Figure 4: Yellowstone Lake-Shoshone River drainage divide area at Sylvan Pass. United States Geological Survey map digitally presented using National Geographic Society TOPO software. 

Just as puzzling as deep through valleys eroded across the Snake River-Wind River drainage divide (the west-east continental divide) are deep through valleys eroded across the Yellowstone River-Shoshone River drainage divide, with the Shoshone River flowing to the north and northeast oriented Bighorn River, which flows to the northeast-oriented Yellowstone River. West of the Yellowstone River-Shoshone River drainage divide the Yellowstone River is flowing in a northwest, north, and northwest direction (see figure 2) and then turns to flow in a north, northeast, and southeast direction before turning again to become a northeast-oriented river and to join the Bighorn River (see figure 1). Figure 4 above illustrates the Sylvan Pass area where the Yellowstone River-Shoshone River drainage divide forms the Yellowstone National Park eastern boundary. The lake seen along the figure 4 west edge is Yellowstone Lake, which is a natural lake found along the northwest-oriented Yellowstone River route. West-oriented streams flowing to the lake are Yellowstone River tributaries while east-oriented streams flowing to the figure 4 east edge are Shoshone River tributaries. Sylvan Pass is the deep through valley where  the highway crosses the Yellowstone River-Shoshone drainage divide. There is no spot elevation shown on figure 4 to give the Sylvan Pass elevation, although the elevation appears to be in the 2600 to 2650 meter range. Mountain peaks to the north and south of the pass rise to elevations greater than 3200 meters suggesting Sylvan Pass is a water eroded valley at least 550 meters deep. Study of the Yellowstone River-Shoshone River drainage divide reveals other deep passes eroded across the high drainage divide ridge. Crow Creek Pass and Jonas Pass are two named passes north of Sylvan Pass and other unnamed passes can also be seen. These multiple passes suggest the presence of multiple deep and roughly parallel east-oriented valleys which were eroded across what is now the high Yellowstone River-Shoshone River drainage divide. Such multiple parallel valleys again suggests the valleys were formed as channels in what was a large-scale flood formed anastomosing channel complex moving flood water from what is now the northwest-oriented Yellowstone River drainage basin to what is now the east-oriented Shoshone River drainage basin.
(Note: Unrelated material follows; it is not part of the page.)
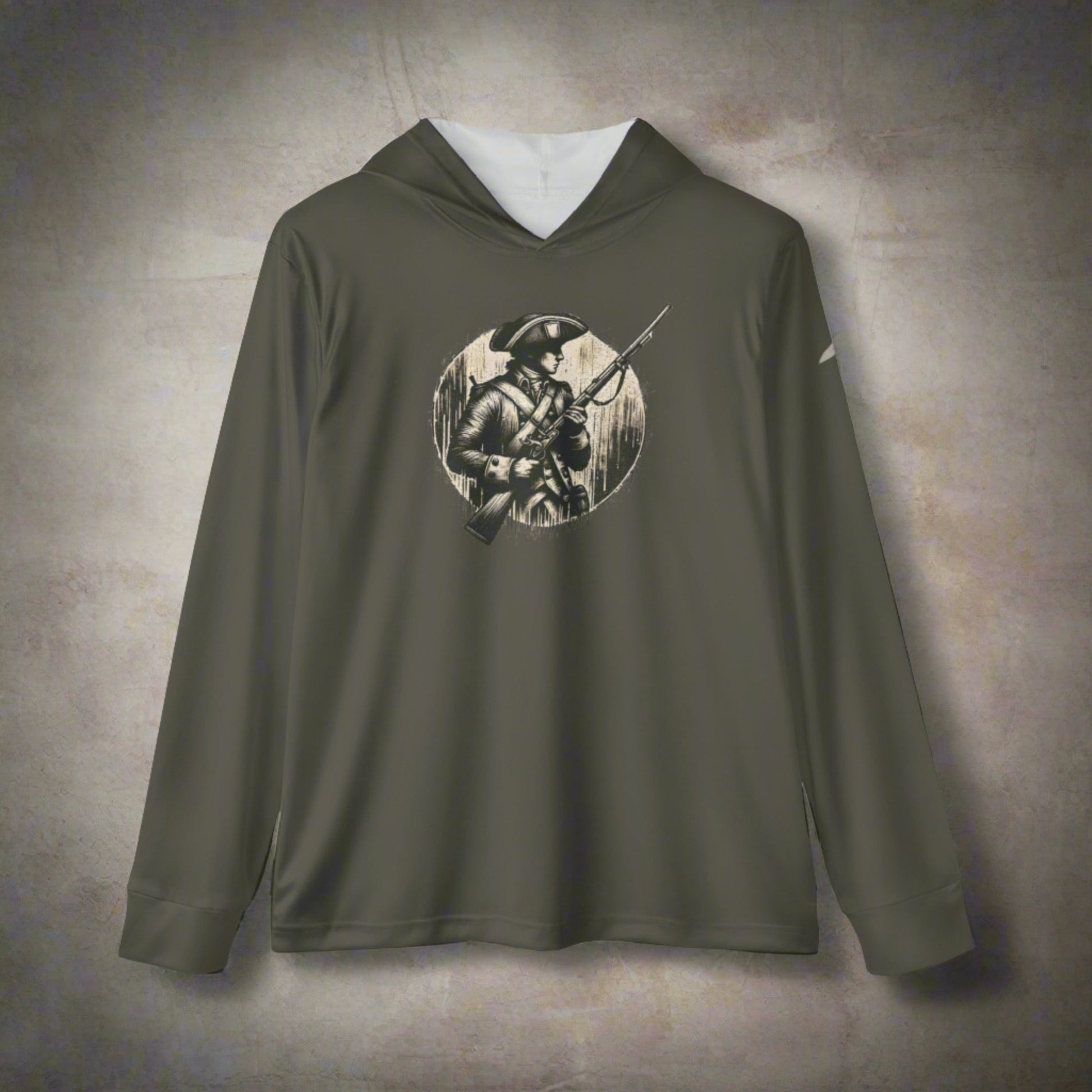 The "Be Revolutionary" summer-weight warmup hoodie features a striking, vintage-style illustration of a determined Revolutionary War soldier, musket in hand, ready to defend the cause of liberty. This design captures the rugged spirit and steadfast courage of the American Revolution, making it a perfect statement piece for patriots who honor the nation's fight for independence. Wear this shirt to showcase your appreciation for history and the timeless values of freedom and bravery. Stand out, be bold, and embrace your revolutionary spirit with this unique and powerful summer hoodie.

  • Why would immense southeast and east oriented floods be flowing across what are now high mountain ranges and what is now the east-west continental divide and how could those southeast-oriented flood waters flow across what are today high mountain elevations? The Bighorn River drainage basin history began with development of a North American ice sheet comparable in size to the present day Antarctic Ice Sheet, if not larger. The ice sheet was thick, probably several kilometers thick, and was located in a deep “hole”, which the ice sheet had formed by a combination of deep glacial erosion and crustal warping caused by the ice sheet weight. When at its maximum size the ice sheet stood high above the pre-glacial surface, but also had roots that extended well below the pre-glacial surface, which no longer exists. The Bighorn River drainage basin location was probably located south and west of ice sheet’s southwest margin, although evidence for the ice sheet’s southwest margin has probably been removed by deep melt water flood erosion. The pre-glacial surface under the ice sheet was completely destroyed by deep glacial erosion and the pre-glacial surface adjacent to the ice sheet and elsewhere on the North American continent was deeply eroded by deep melt water flood erosion and was also probably significantly altered by crustal warping caused by the thick North American ice sheet presence.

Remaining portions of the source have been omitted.